> **INSTRUCTIONS FOR THE TASK**
Starting at the line that holds "Give your belly" and stopping at the line that holds "4、利用个性化的皮肤工具提高", restate the records below word for word, with both of those lines included.

> **GIVEN RECORDS**
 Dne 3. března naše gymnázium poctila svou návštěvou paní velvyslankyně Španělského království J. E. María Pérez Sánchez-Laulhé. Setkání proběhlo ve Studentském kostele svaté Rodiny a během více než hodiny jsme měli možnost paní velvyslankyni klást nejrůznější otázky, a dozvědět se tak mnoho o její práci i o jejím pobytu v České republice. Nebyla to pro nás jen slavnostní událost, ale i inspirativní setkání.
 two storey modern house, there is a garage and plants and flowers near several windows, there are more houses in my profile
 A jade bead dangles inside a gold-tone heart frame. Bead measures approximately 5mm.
---
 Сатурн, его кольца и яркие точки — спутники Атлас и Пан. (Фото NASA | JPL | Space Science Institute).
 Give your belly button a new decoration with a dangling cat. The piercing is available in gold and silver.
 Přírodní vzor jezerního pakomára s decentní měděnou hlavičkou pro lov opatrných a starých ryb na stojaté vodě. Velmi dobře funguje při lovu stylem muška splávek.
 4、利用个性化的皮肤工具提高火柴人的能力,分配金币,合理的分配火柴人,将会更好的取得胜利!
---
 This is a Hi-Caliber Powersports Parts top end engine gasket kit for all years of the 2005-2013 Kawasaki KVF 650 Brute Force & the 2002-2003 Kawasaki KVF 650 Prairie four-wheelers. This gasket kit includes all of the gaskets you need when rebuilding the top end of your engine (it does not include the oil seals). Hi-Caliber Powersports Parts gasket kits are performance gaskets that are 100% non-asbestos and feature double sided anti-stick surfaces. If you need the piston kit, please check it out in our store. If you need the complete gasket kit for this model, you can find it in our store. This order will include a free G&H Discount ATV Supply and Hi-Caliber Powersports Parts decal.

> **RESPONSE**
 Give your belly button a new decoration with a dangling cat. The piercing is available in gold and silver.
 Přírodní vzor jezerního pakomára s decentní měděnou hlavičkou pro lov opatrných a starých ryb na stojaté vodě. Velmi dobře funguje při lovu stylem muška splávek.
 4、利用个性化的皮肤工具提高火柴人的能力,分配金币,合理的分配火柴人,将会更好的取得胜利!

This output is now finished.